Estonia's e-Residency Program - jkaljundi
http://www.vice.com/read/estonias-e-residency-program-is-the-future-of-immigration
======
greenspot
Don't get the hype. Still a Delaware Inc (C Corp) is better:

\- Physical post address can be outside the US

\- With Stripe Atlas you can get the bank account for the Delaware without
visiting the US (possible with Estonia since few weeks)

\- No need to wait months to get the e-residency and to get started (biggest
bummer)

\- Way larger ecosystem of tax guys and lawyers in the US => more competition
=> cheaper

\- native language is English, so contracts are always and only in English; in
Estonia there is one piece which must stay Estonian (don't remember which one)

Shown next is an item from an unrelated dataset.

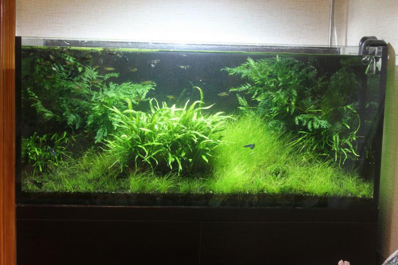 Аквариум был задуман как требующий на себя минимум внимания. И скажу так, у меня получилось! Аквариум был запущен в июне и за это время стриг один раз папоротники. И возможно скоро постригу элеохарис… очень медленный и удобный аквариум.. и так кратко:

\- Larger ecosystem and English as main language makes it very easier to
google answers to any tax or law related questions => huge knowledge base
online, with Estonia there's just the documentation from the state

\- Default to get VC money, the Estonian entity (OÜ) is not learned and
investors are reluctant to put money in

\- Estonia follows EU law which is compared to US law extremely consumer
friendly, has strong consumer protection rights and super friendly to labor as
well => EU law is over-regulating in general

\- Cross-country relationships, like Delaware Inc is the holding and local
entities are operational are more learned with local tax consultants than with
Estonian entities => cheaper

\- Delaware Inc.: no need to disclose MDs at the beginning, Estonian entity
has full disclosure from day 1

Delaware is doing this business for decades, of course they must be better but
I expected more from Estonia's e-residency.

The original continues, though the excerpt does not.